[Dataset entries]

• • • •

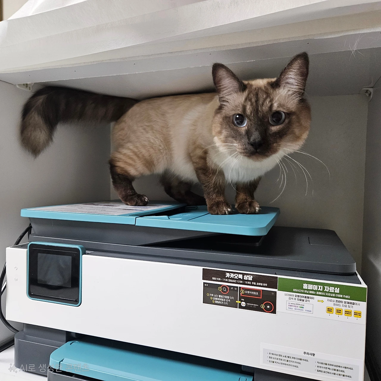 연근이가 프린터 위에 올라가는 걸 좋아한다. 일부러 장 위에 올려놓았던 프린터를 안에 넣었는데도 올라가서 제 몸을 뽐낸다.
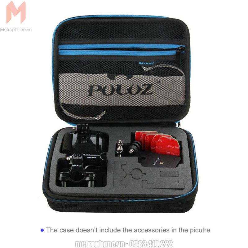 Hộp đựng GoPro và phụ kiện Action Cam được chia làm 2 phần. Phần nắp trên túi dạng lưới có khóa kéo thường để những phụ kiện như gậy, dây đeo, keo 3m. Phần thân chính của hộp chống sốc GoPro có nhiều ngăn nhỏ. Các ngăn nhỏ được ngăn cách lớp mút đệm chống sốc, chống va đập vào nhau.
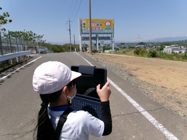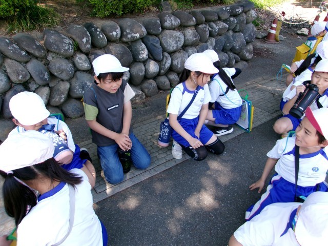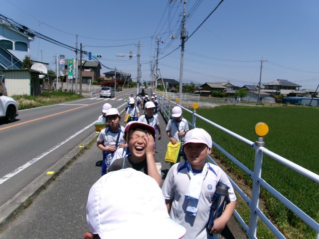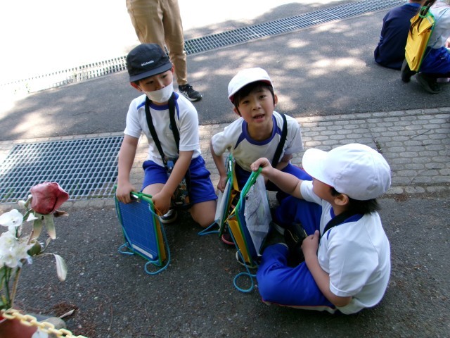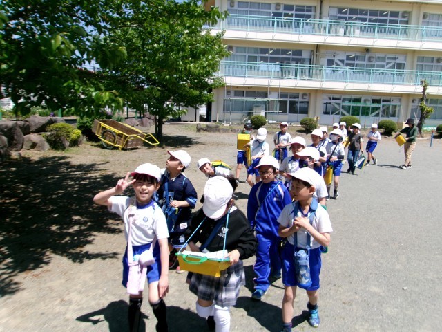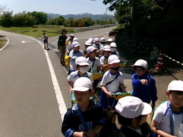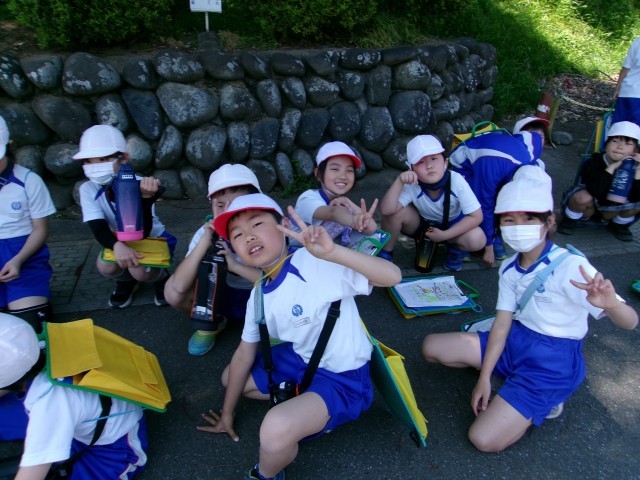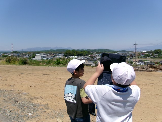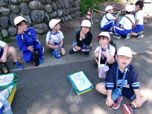 地図で確認した通り、学校のまわりの探検に出かけました。
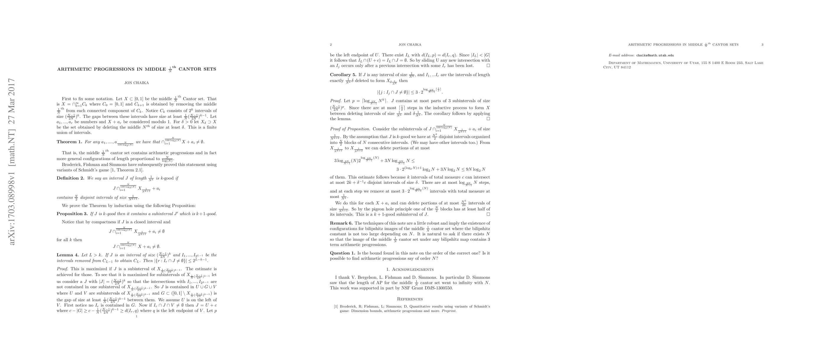 Summary: The research demonstrates that the middle Nth Cantor set contains arithmetic progressions of length proportional to N/log_2(N), highlighting a significant structural property of these sets. This finding contributes to the understanding of combinatorial patterns within fractal sets.
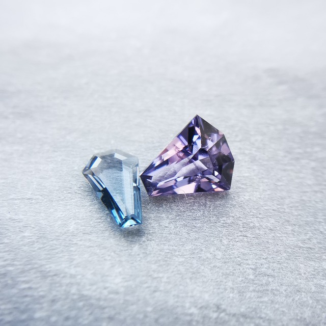 スピネル 0.22ct 0.09ct スリランカ産 わずかに肉眼で見えるインクルージョンあり スリランカ人カッターW氏による -------------------------------------- 灰みの青みの紫/ラベンダー色とくすんだ紫みの青/ヒヤシンス色の、スピネル2点セットです。 同じようなフォルムで、ひとつは通常のカット、ひとつはポートレイトカットなので、きらめきの違いを見比べることがてきます。 スピネルらしい涼し気なカラーが魅力のセットです。 写真1~13 自然光日陰 写真14~17 LED照明
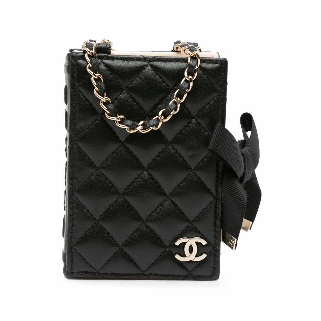 This card holder on chain features a quilted lambskin leather body, a leather-woven chain strap, a side tab with bow detail and snap button closure, and interior card slots.
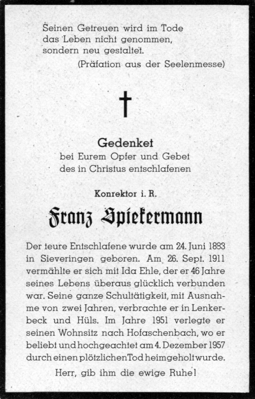 | Konrektor i. R.; ∞ 26.9.1911 Ida Ehle; 46 J. Ehe; langjähriger Lehrer in Lenkerbeck u. Hüls; 1951 Umzug nach Hofaschenbach |
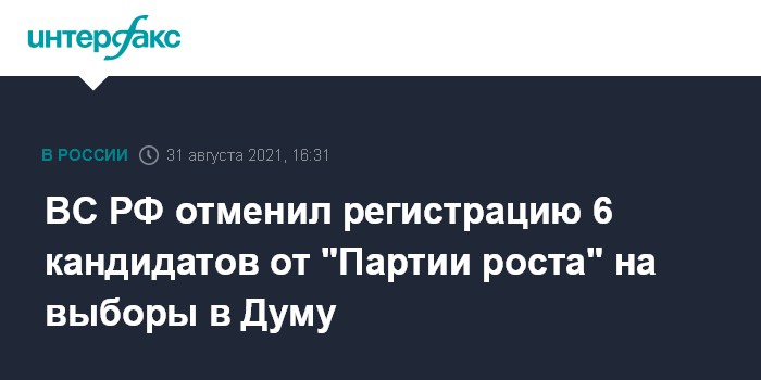 Москва. 31 августа. INTERFAX.RU - Верховный суд России во вторник принял решение об отмене регистрации шести кандидатов в депутаты в Госдуму восьмого созыва, включенных в список от "Партии роста".
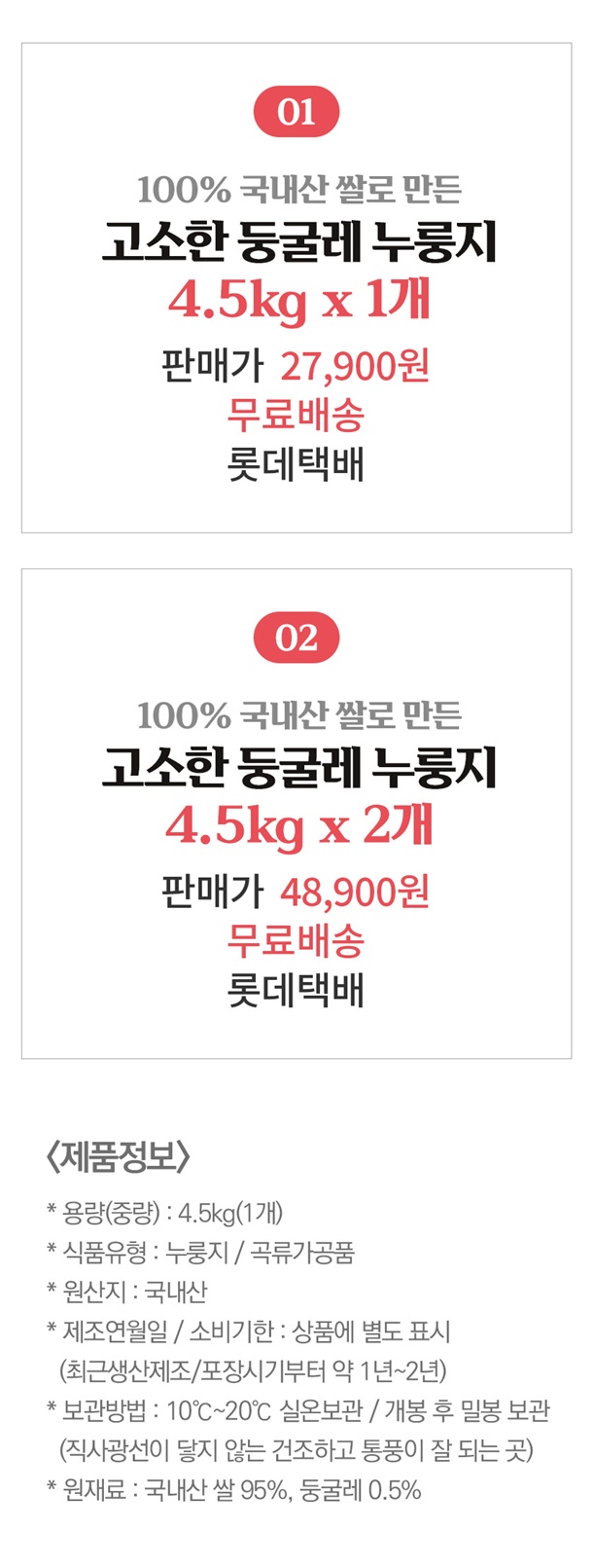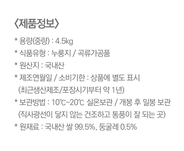 | 1-5. 원재료명 및 함량(농수산물의 원산지 표시에 관한 법률에 따른 원산지 표시 포함) | 쌀(국내산) |
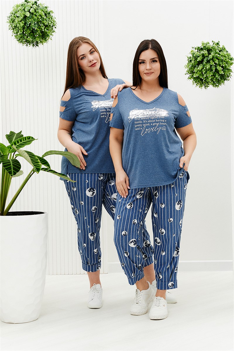 Костюм женский: туника и брюки. Туника прямого силуэта, вырез Y-образный. Полочка несколько короче спинки, сбоку разрезы. На полочке принт. Рукав не цельный, два хляста, расположенные через расстояние друг от друга, втачаны в боковые части рукава. Брюки свободные, бананы, внизу передней и задней части по две встречные складки, манжеты. В брюках удобные внутренние карманы, пояс выполнен на многоигольной машине.

• • • •

INSTRUCTIONS TO FOLLOW:
Each line from the one that contains "This card holder" through the end of the records should be restated exactly; include both end lines and leave any pictures out.

ANSWER TO THE PROBLEM:
 This card holder on chain features a quilted lambskin leather body, a leather-woven chain strap, a side tab with bow detail and snap button closure, and interior card slots.
 | Konrektor i. R.; ∞ 26.9.1911 Ida Ehle; 46 J. Ehe; langjähriger Lehrer in Lenkerbeck u. Hüls; 1951 Umzug nach Hofaschenbach |
 Москва. 31 августа. INTERFAX.RU - Верховный суд России во вторник принял решение об отмене регистрации шести кандидатов в депутаты в Госдуму восьмого созыва, включенных в список от "Партии роста".
 | 1-5. 원재료명 및 함량(농수산물의 원산지 표시에 관한 법률에 따른 원산지 표시 포함) | 쌀(국내산) |
 Костюм женский: туника и брюки. Туника прямого силуэта, вырез Y-образный. Полочка несколько короче спинки, сбоку разрезы. На полочке принт. Рукав не цельный, два хляста, расположенные через расстояние друг от друга, втачаны в боковые части рукава. Брюки свободные, бананы, внизу передней и задней части по две встречные складки, манжеты. В брюках удобные внутренние карманы, пояс выполнен на многоигольной машине.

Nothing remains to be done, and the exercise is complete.